### What this task involves:
Only one span of the listing below should come back. It runs from the line with "Dolce & Gabbana" through the line with "Acest costum pentru", and each of its lines must be reproduced exactly.

### Information provided:
══════

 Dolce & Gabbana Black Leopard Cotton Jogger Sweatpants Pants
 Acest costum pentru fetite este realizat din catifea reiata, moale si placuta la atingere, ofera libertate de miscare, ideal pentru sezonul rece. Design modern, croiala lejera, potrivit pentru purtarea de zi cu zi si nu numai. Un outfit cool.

══════

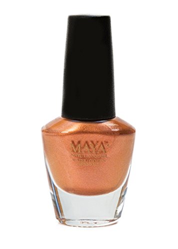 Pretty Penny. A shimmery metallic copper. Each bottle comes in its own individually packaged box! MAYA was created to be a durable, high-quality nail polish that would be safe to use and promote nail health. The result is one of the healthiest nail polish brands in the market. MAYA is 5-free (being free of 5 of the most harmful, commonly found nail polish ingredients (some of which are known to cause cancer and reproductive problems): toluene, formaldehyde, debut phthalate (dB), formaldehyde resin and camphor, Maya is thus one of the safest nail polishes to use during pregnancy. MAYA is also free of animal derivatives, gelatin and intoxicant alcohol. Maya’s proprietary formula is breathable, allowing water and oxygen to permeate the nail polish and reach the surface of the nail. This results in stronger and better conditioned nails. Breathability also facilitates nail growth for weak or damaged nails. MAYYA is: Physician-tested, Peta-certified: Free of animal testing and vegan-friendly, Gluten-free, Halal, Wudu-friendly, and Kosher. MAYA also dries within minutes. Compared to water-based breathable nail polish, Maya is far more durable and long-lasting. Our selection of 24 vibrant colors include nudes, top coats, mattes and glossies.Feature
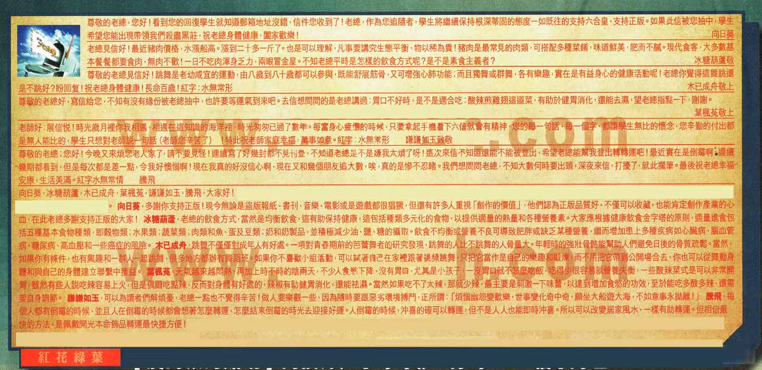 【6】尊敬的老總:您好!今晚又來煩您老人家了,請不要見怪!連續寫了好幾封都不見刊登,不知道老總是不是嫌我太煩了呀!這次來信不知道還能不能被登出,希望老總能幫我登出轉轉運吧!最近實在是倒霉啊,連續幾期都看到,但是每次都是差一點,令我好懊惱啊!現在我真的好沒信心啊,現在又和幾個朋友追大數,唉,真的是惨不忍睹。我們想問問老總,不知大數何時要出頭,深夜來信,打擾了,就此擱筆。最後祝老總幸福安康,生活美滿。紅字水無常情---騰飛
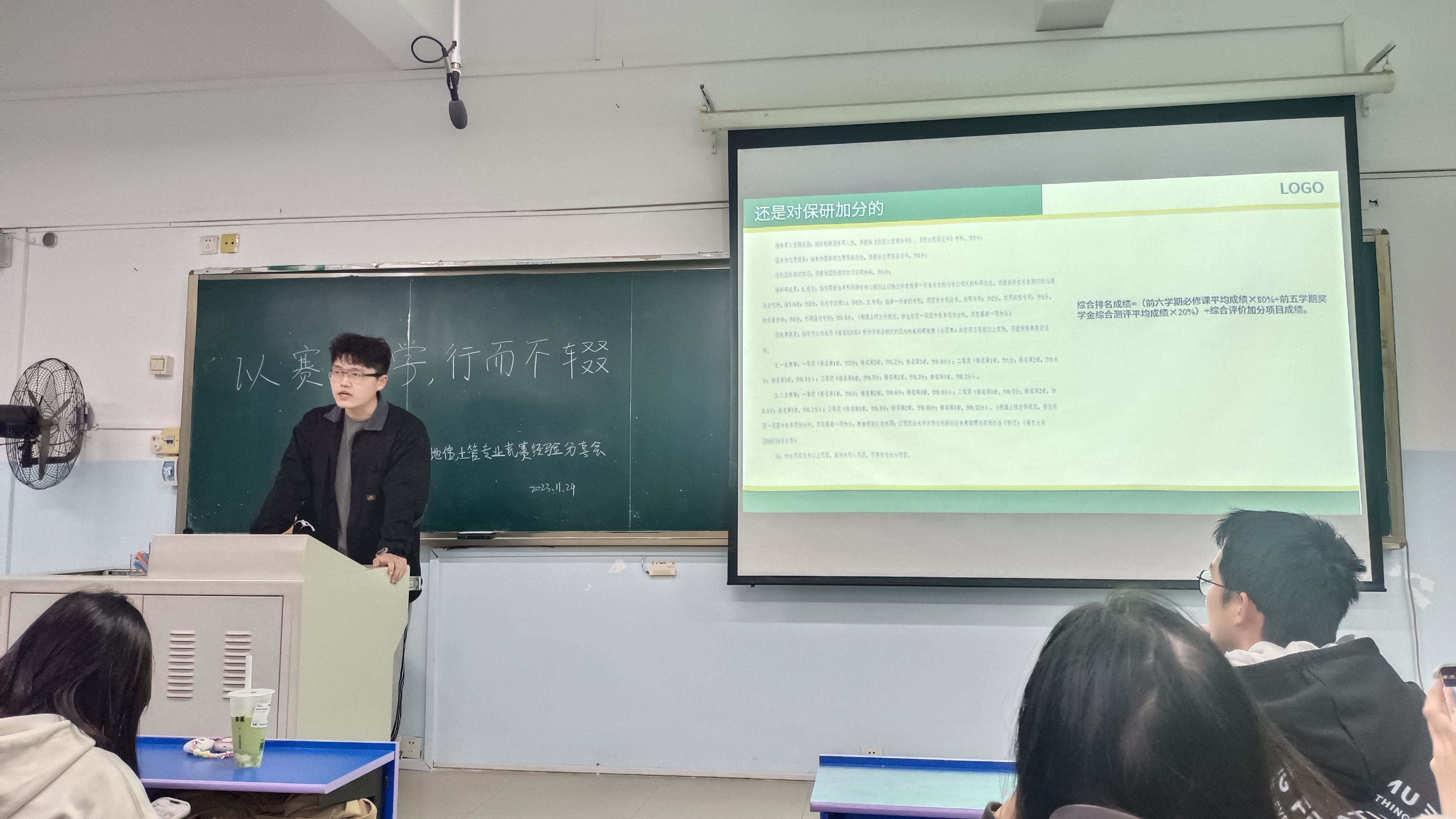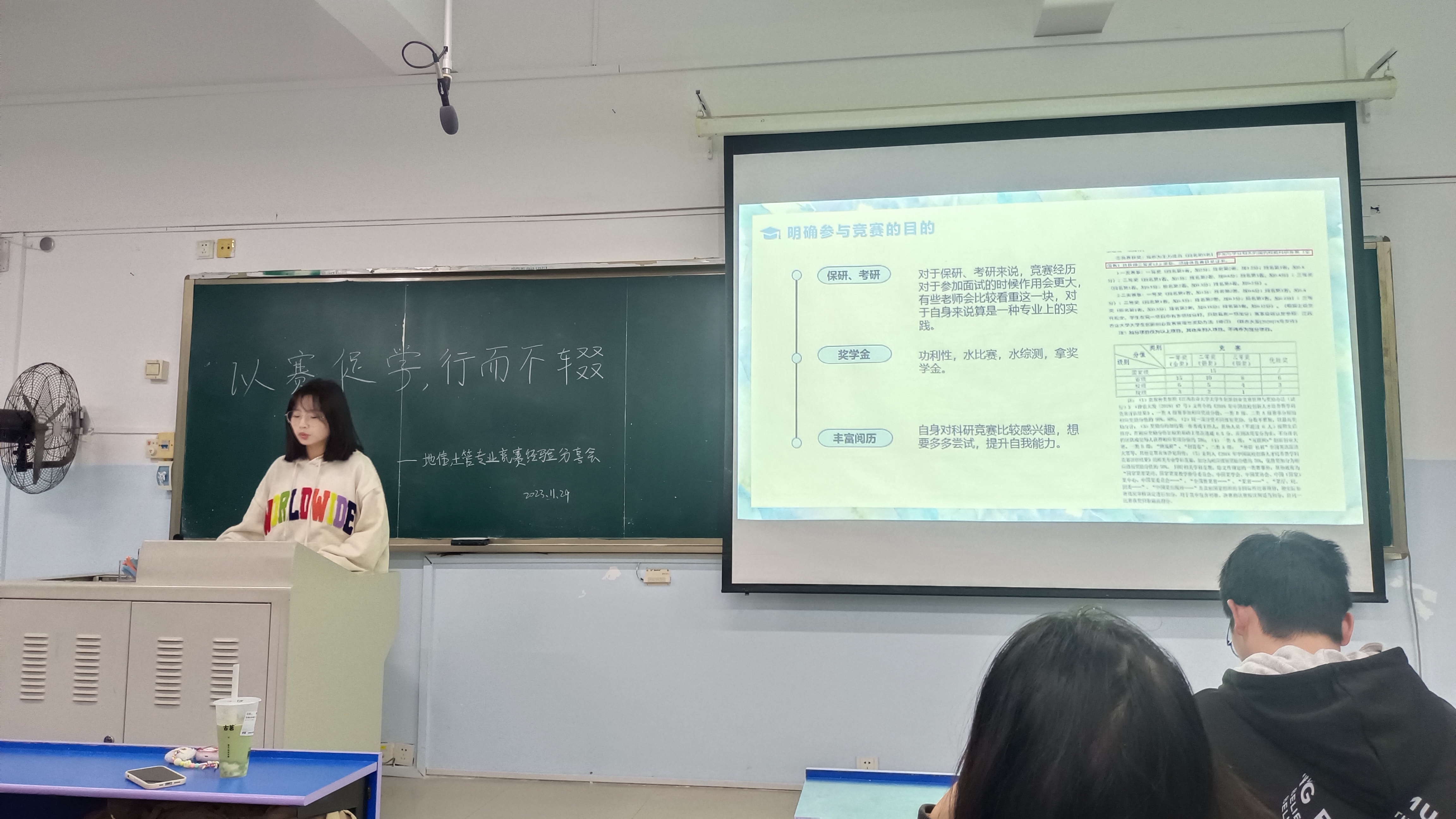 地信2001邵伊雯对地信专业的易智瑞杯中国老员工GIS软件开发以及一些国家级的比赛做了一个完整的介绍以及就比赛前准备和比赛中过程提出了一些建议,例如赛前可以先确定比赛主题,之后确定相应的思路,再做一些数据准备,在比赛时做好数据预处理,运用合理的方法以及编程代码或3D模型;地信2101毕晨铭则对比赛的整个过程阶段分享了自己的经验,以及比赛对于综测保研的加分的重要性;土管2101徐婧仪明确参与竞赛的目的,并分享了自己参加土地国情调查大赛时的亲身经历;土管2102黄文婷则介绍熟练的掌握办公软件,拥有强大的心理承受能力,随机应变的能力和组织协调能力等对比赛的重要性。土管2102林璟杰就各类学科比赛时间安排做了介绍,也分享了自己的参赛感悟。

══════

### Your solution:
 Dolce & Gabbana Black Leopard Cotton Jogger Sweatpants Pants
 Acest costum pentru fetite este realizat din catifea reiata, moale si placuta la atingere, ofera libertate de miscare, ideal pentru sezonul rece. Design modern, croiala lejera, potrivit pentru purtarea de zi cu zi si nu numai. Un outfit cool.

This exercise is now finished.